All in all, there’s maybe 25 bucks worth of stuff here, so it makes for a good weekend project.

Work area

Cluttered work area

The Build

There’s not a lot to be said for the design of this – Various cylindrical scrap objects from my flat were tried in series until I found some that could be taped together to secure the fan to the plastic tube.

See the video at the end of the article for me fumbling about with various food packaging to get the job done.

Eventually, once everything fit, I secured it with tape to test.

Snapped fan blade

Snapped fan blade

One of the first things I did was accidentally snap off one of the fan blades. It was later fixed with glue.

On testing – there was airflow at both ends! So that works.  That nasty masking tape will be replaced later on with something less temporary.

The USB plug on the fan was lopped off and wired into the Arduino with button and sensor as follows:

Circuit diagram

Circuit diagram

Fritzing is a great tool for visualizing your circuitry. Yeah, it’s not a real circuit diagram, but I haven’t made one of those since high school, and also, I don’t care – this illustrates what’s happening better anyway.

In the diagram above, you can see:

  • Top row:
    • Arduino
    • Push button
  • Bottom Row
    • MOSFET
    • DHT11
    • Resistor
    • Motor

      Prototyping

      Prototyping with Fritzing

 

The fan is wired to the RAW power pin on the Arduino rather than VCC – the RAW pin isn’t present on all boards, but it’s a direct link to the board’s power feed.

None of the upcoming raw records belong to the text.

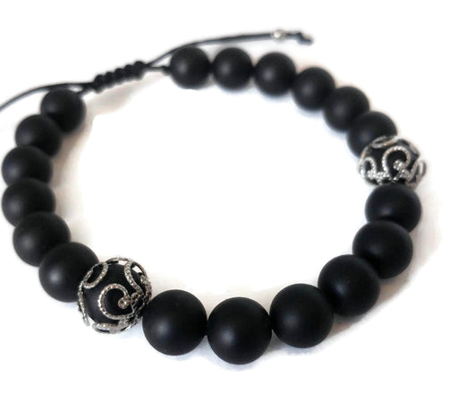 Bijoux Le fil d'ArianeBracelet fait de billes d'agate noires, dépolies. Le bracelet est monté sur une corde de nylon, il est donc résistant, et ajustable, puisque le fer...
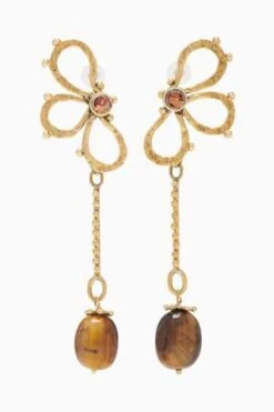 Ulla JohnsonHammered Chain Flower Drop Earring – Tiger’s Eye
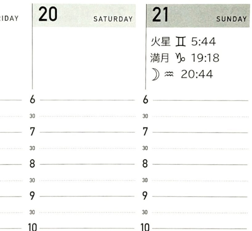 ●週間スケジュールにはすべきこと、したいことを書き込め、星の移動や月の動きが載っています。
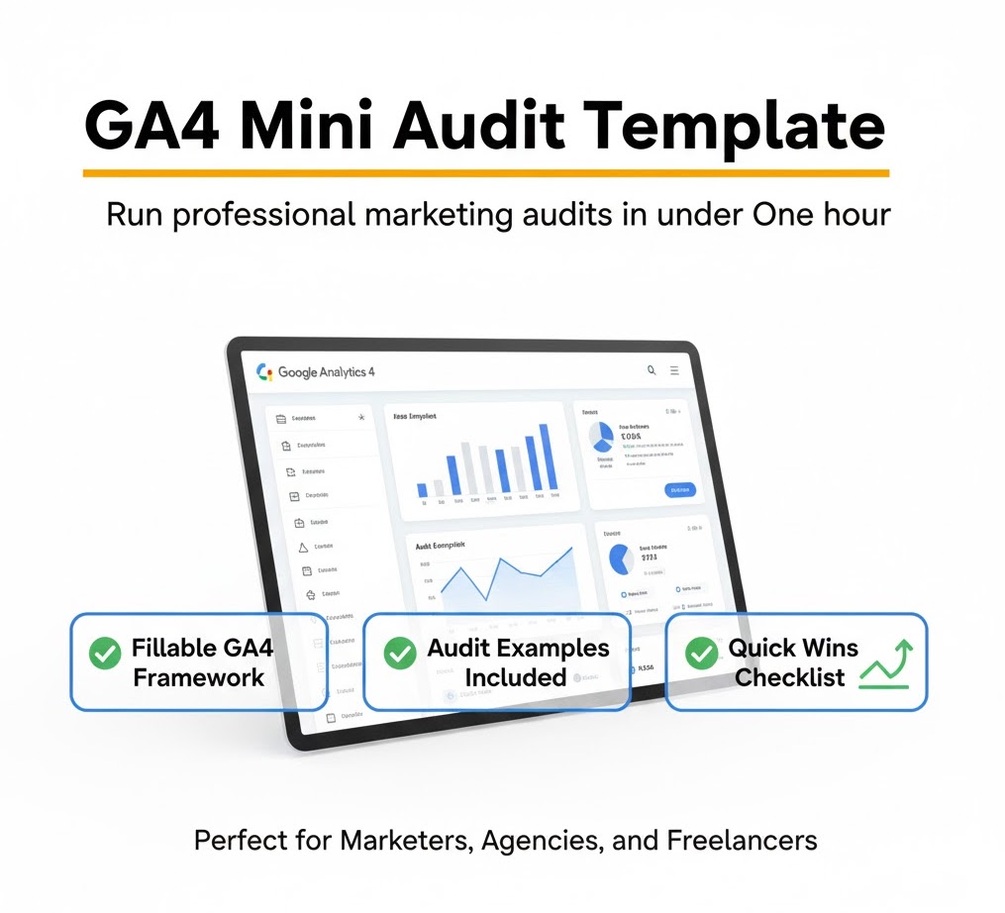 This GA4 Mini Audit Template helps you run quick, data-backed audits in under an hour even when you’re not a data analyst.
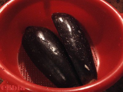 Разрезаем баклажан на 2 части, натираем солью (без фанатизма, а то соленый будет) оставить на несколько минут, чтобы они отдали горечь. А мы пока займемся начинкой.
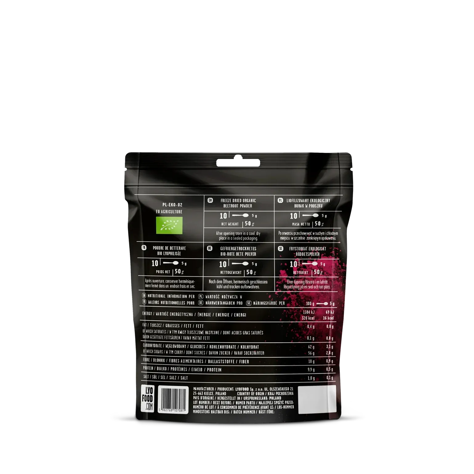 Specifications Weight (net) 50g Origin Poland Ingredient Organic beetroots (100%) Shelf life Up to 2.5 years Benefits 100% organic beetroots – no artificial additives Naturally rich in fiber, iron, and antioxidants Provides natural color and flavor to smoothies and baking Lightweight, compact, and long shelf life Nutritional content (per 100g powder) Energy: 1400kJ / 335kcal Fat: 1.2g (of which saturated fat: 0.1g) Carbohydrates: 66g (of which sugars: 8g) Fiber: 19g Protein: 10g Salt: 0.02g Ingredients
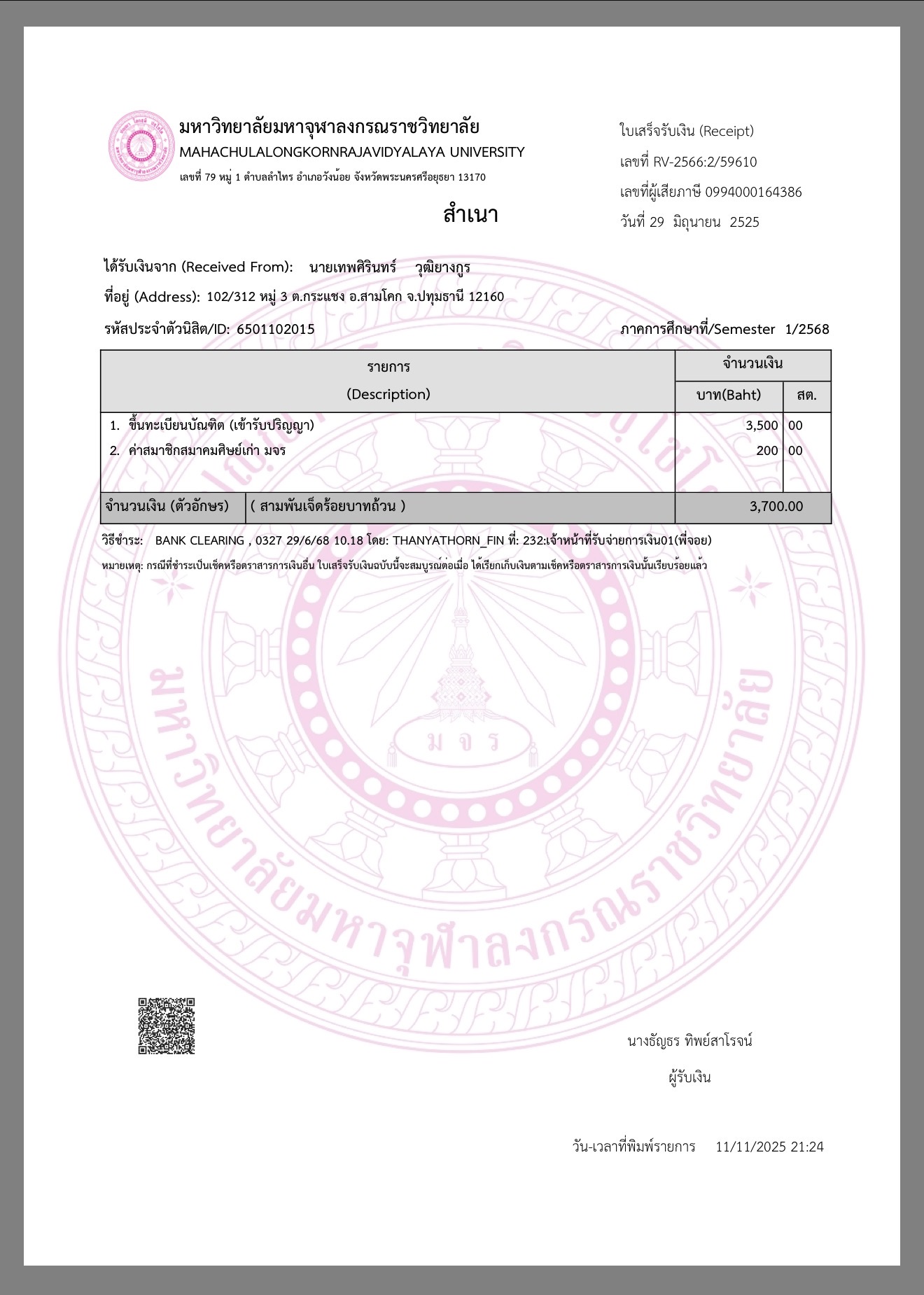 | รหัสนิสิต : 6501102015 | ชื่อ : นายเทพศิรินทร์ | ฉายา: - | นามสกุล: วุฒิยางกูร |
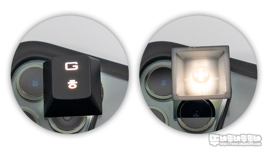 ABS 코팅 키캡의 광량 투과를 테스트 모습.
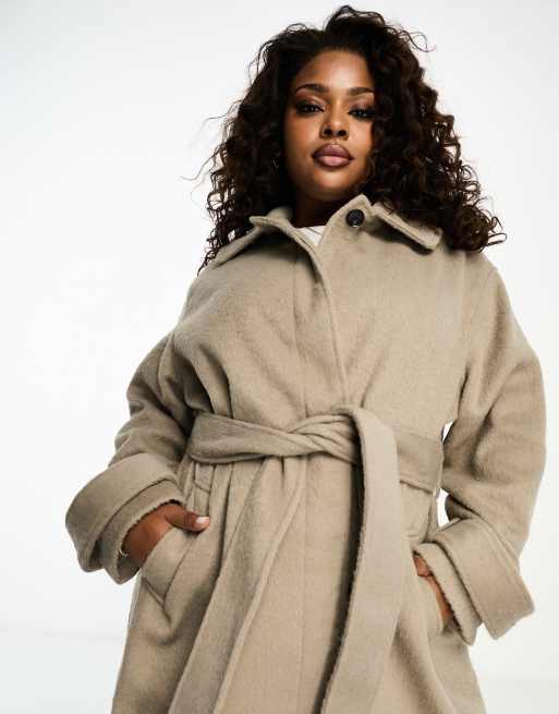 Asos wool sales coat womens, ASOS DESIGN Curve brushed boyfriend wool mix coat in mushroom sales
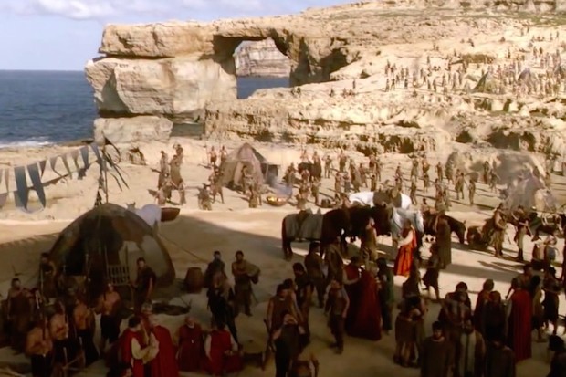 O arco Azure Window, em Malta, aparece no casamento entre Daenerys Targaryen e Khal Drogo.
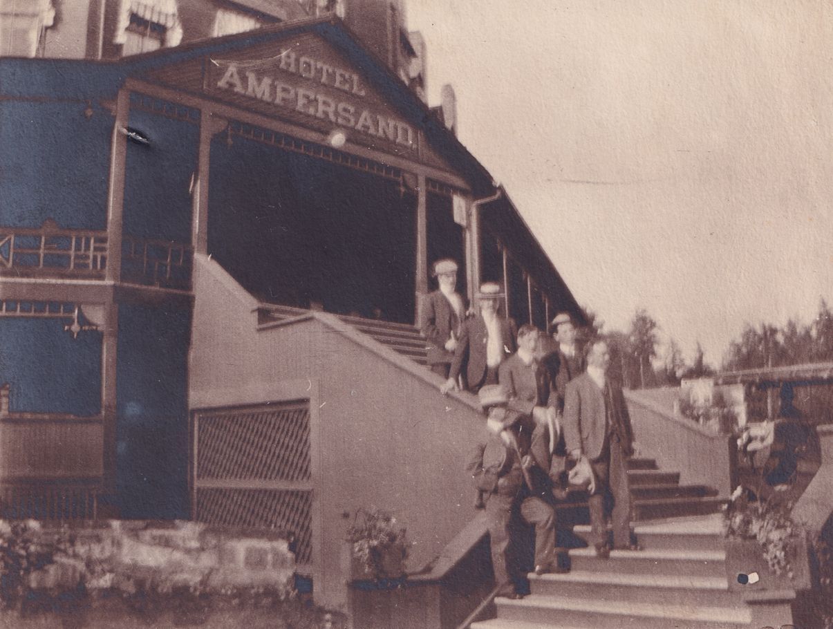 Photograph of a group of men posing on the front steps of Hotel Ampersand. All six men are wearing suits, and four are wearing hats. The gable above the front steps has wooden letters attached to it that read, "Hotel Ampersand."
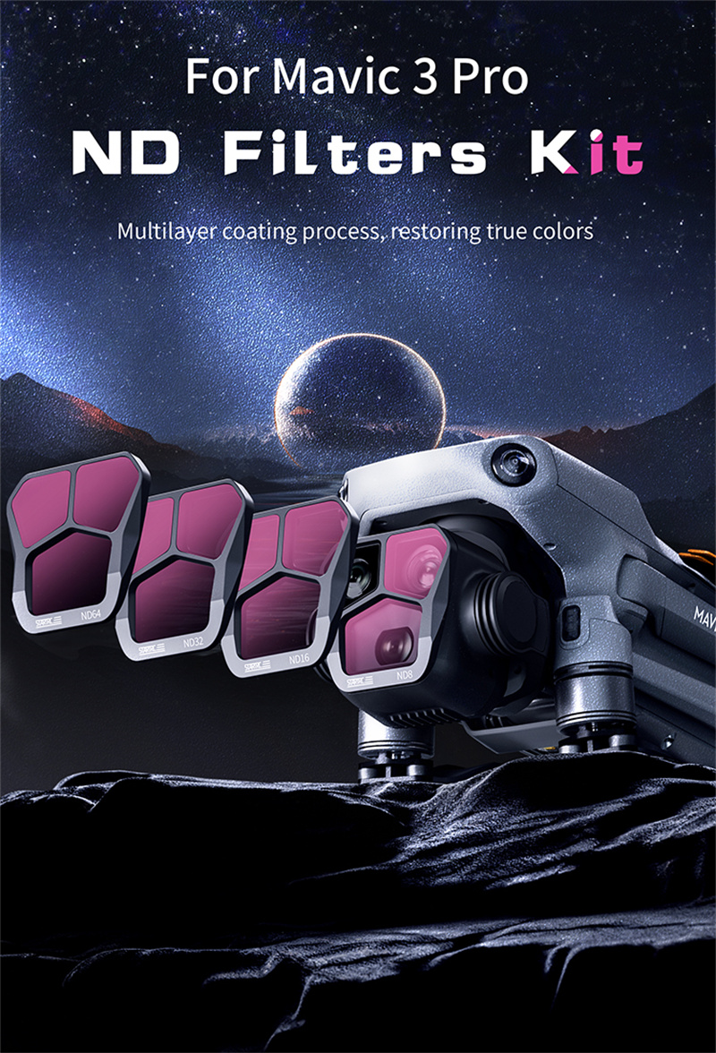 - ND filter designed specifically for MAVIC 3 Pro drones,Adopting multi-layer coating and dimming,ND filter can prevent excessive light exposure, making the image have appropriate dynamic blur;
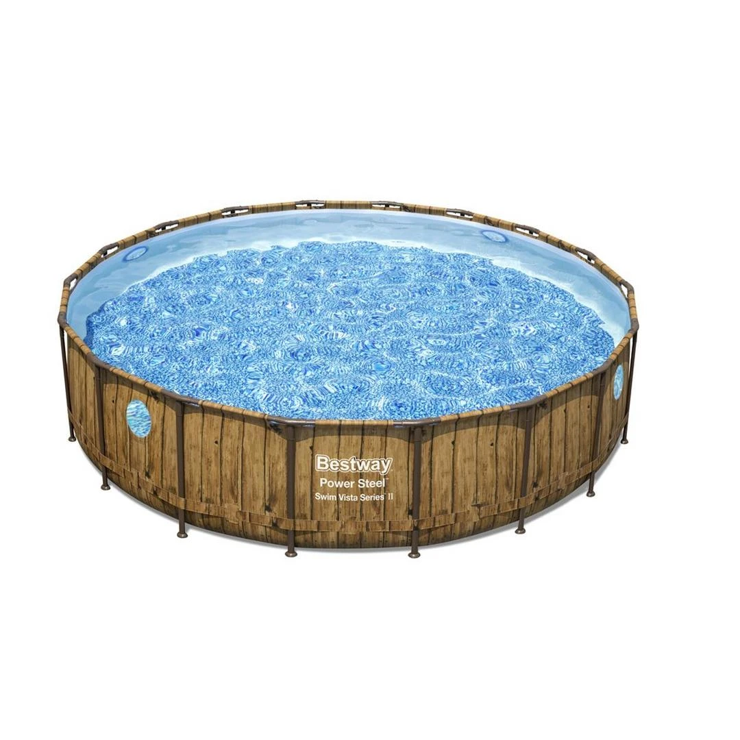 The Bestway Power Steel Swim Vista Round Soft Sided Above Ground Pool is easy to set up and built to last. The corrosion-resistant steel frame is equipped with Bestway’s Seal & Lock System for a sturdy and secure pipe connection. The Tritech pool liner is made of durable material that is reinforced for strength and puncture-resistance. Plus, the outside of the liner is printed with a realistic stone pattern to create a perfect fit in your beautiful backyard.

If the fan is connected to VCC, which means it’s getting its power via the board and not directly from the PSU, it quickly causes issues as it draws too much current for the Arduino to handle.

The Code

I ran into a small issue using the Arduino IDE where I’d receive a ‘permission denied’ error whenever I tried to load my code to the Arduino device.

This is because Arduino IDE, when installed from some Linux app stores, is missing a dependency – simply run:

sudo apt install avrdude

… to resolve this.

Loading the code onto the Arduino

Loading the code onto the Arduino

The upcoming code requires the DHT Sensor Library in Arduino IDE. It can be found by simply searching the available libraries and installing it from there. ‘Install All’ to install it with the required dependencies. See the video further down for carnage.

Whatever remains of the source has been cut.